This chapter is based on Hernán and Robins (2020, chap. 15, pp. 207-226).

Key theme: Outcome regression and propensity scores are tools, not magical solutions. Their success depends on correctly specifying models and satisfying causal assumptions (especially conditional exchangeability and positivity).

1 15.1 Outcome Regression (pp. 207-210)

Outcome regression estimates causal effects by modeling the outcome as a function of treatment and confounders.

1.1 The Outcome Regression Approach

Definition 1 (Outcome Regression) Outcome regression for causal inference:

Fit a model for $\text{E}{\left[Y \mid A, L\right]}$
Use the model to compute standardized means (g-formula)
Estimate causal effects as contrasts of standardized means

For simple cases, the treatment coefficient may approximate the causal effect, but this requires strong assumptions.

1.2 When Does the Treatment Coefficient Equal the Causal Effect?

Model: $\text{E}{\left[Y \mid A, L\right]} = \beta_0 + \beta_1 A + \beta_2^{\top} L$

Question: When does $\beta_1 = \text{E}{\left[Y^{a=1}\right]} - \text{E}{\left[Y^{a=0}\right]}$?

Answer: Only under restrictive conditions:

No confounding: $Y^a \perp\!\!\!\perp A$ (conditional exchangeability not needed)
No effect modification: The causal effect doesn’t vary with $L$
Correct model specification: Linear model is correct

If effect modification exists, $\beta_1$ is a weighted average of conditional effects, not generally equal to the marginal causal effect.

Why this matters:

Many researchers fit $Y = \beta_0 + \beta_1 A + \beta_2^{\top} L$ and interpret $\beta_1$ as the causal effect.
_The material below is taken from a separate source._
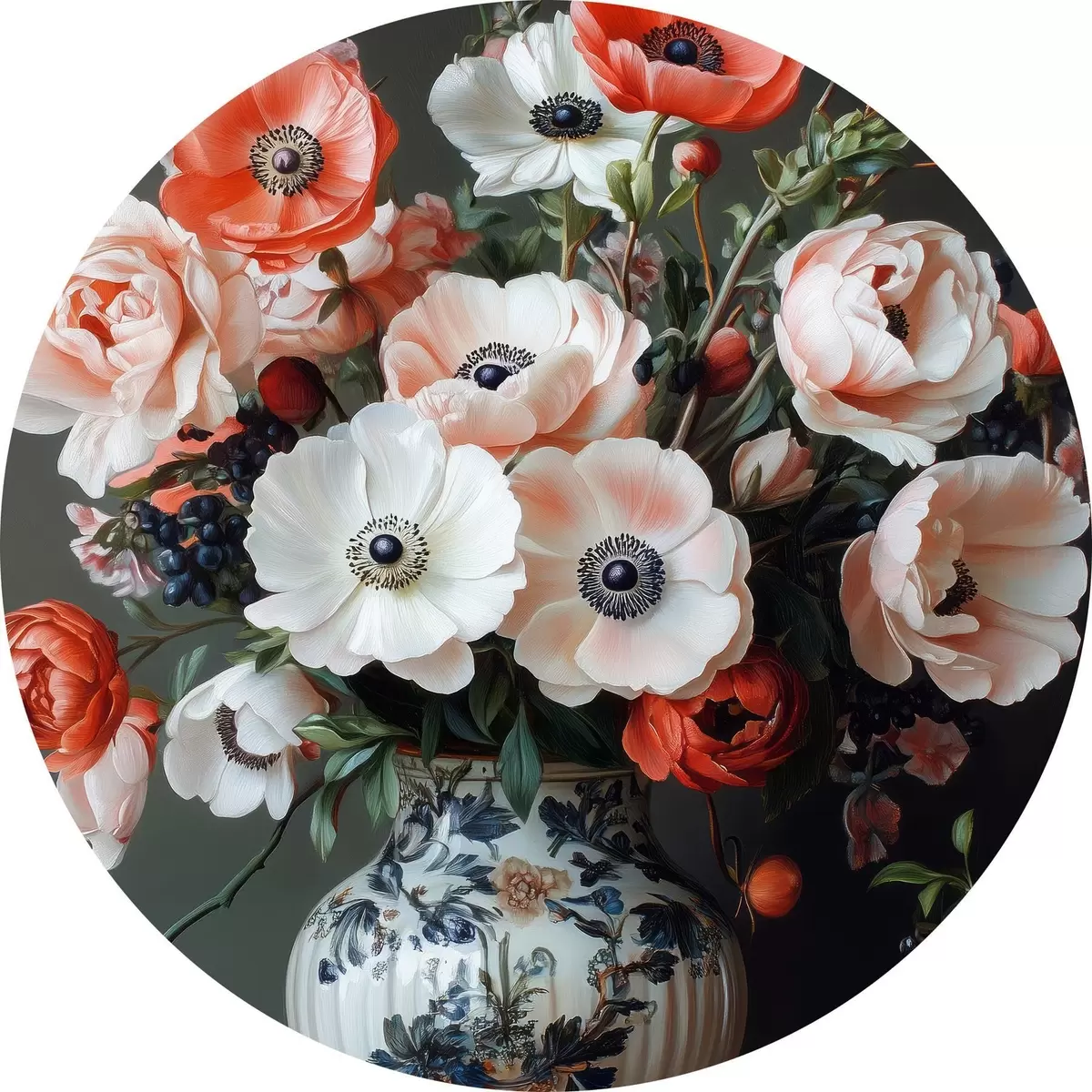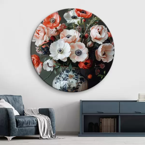 Cuadros redondos Un ramo de hermosas flores en un jarrón r42496

This is valid ONLY if:

No unmeasured confounding (always required)
No effect modification by measured confounders
Correct linear model

When effect modification exists, use the g-formula to properly standardize, or include $A \times L$ interactions in the model.

1.3 Example: NHEFS Study

Simple model: \[\text{E}{\left[\text{Weight Change} \mid A, L\right]} = \beta_0 + \beta_1 \text{Quit} + \beta_2 \text{Age} + \beta_3 \text{Sex} + \ldots\]

Issues:

Assumes effect of quitting is the same for all individuals
If the effect varies by age, sex, or other factors, $\beta_1$ doesn’t equal the marginal causal effect
Need to add interactions or use g-formula

Better approach: \[\text{E}{\left[Y \mid A, L\right]} = \beta_0 + \beta_1 A + \beta_2^{\top} L + \beta_3^{\top} (A \times L)\]

Then use g-formula to compute marginal effect.

2 15.2 Propensity Scores (pp. 210-213)

The propensity score is the probability of receiving treatment given confounders. It plays a central role in observational studies.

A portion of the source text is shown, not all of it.